■ **Try it**:
Type out the lines below exactly, from the first through the line holding "30일 정오 현재 코스피(4,121.13p, 39.98p, +0.98%)는", and include no pictures.

===== Data provided

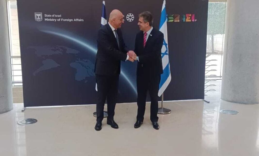 Θερμή και εγκάρδια υποδοχή στην είσοδο του ισραηλινού υπουργείου Εξωτερικών και καλημερίζοντάς τον στα ελληνικά, επιφύλαξε στον Νίκο Δένδια ο υπουργός Εξωτερικών του Ισραήλ Έλι Κοέν.
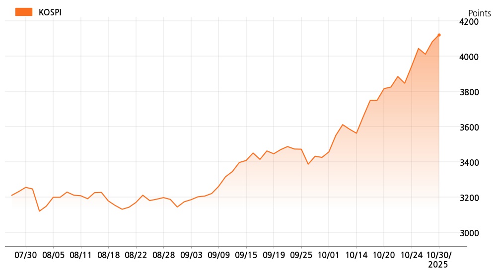 30일 정오 현재 코스피(4,121.13p, 39.98p, +0.98%)는 개인 매수가 늘면서 상승세를 보이고 있다.
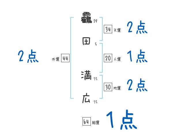 外運![]() | 靏田満広さんの外運は44画の2つ星!誠実で慎重な性格。物事を考えすぎないように注意しましょう。 生活面を象徴する運勢です。外部から受ける影響力を表し、結婚運、家庭運や職場、環境への順応性を表します。 |
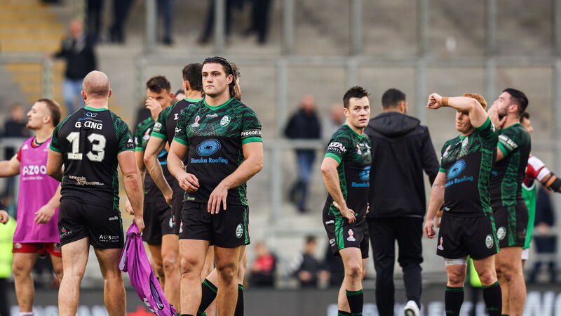 LAST CHANCE SALOON: Liam Byrne of Ireland, centre, looks dejected after the Rugby League World Cup Group C match between Lebanon and Ireland at Leigh Sports Village in Manchester, England. Pic: Paul Greenwood/Sportsfile

==========

■ **Final answer**:
 Θερμή και εγκάρδια υποδοχή στην είσοδο του ισραηλινού υπουργείου Εξωτερικών και καλημερίζοντάς τον στα ελληνικά, επιφύλαξε στον Νίκο Δένδια ο υπουργός Εξωτερικών του Ισραήλ Έλι Κοέν.
 30일 정오 현재 코스피(4,121.13p, 39.98p, +0.98%)는 개인 매수가 늘면서 상승세를 보이고 있다.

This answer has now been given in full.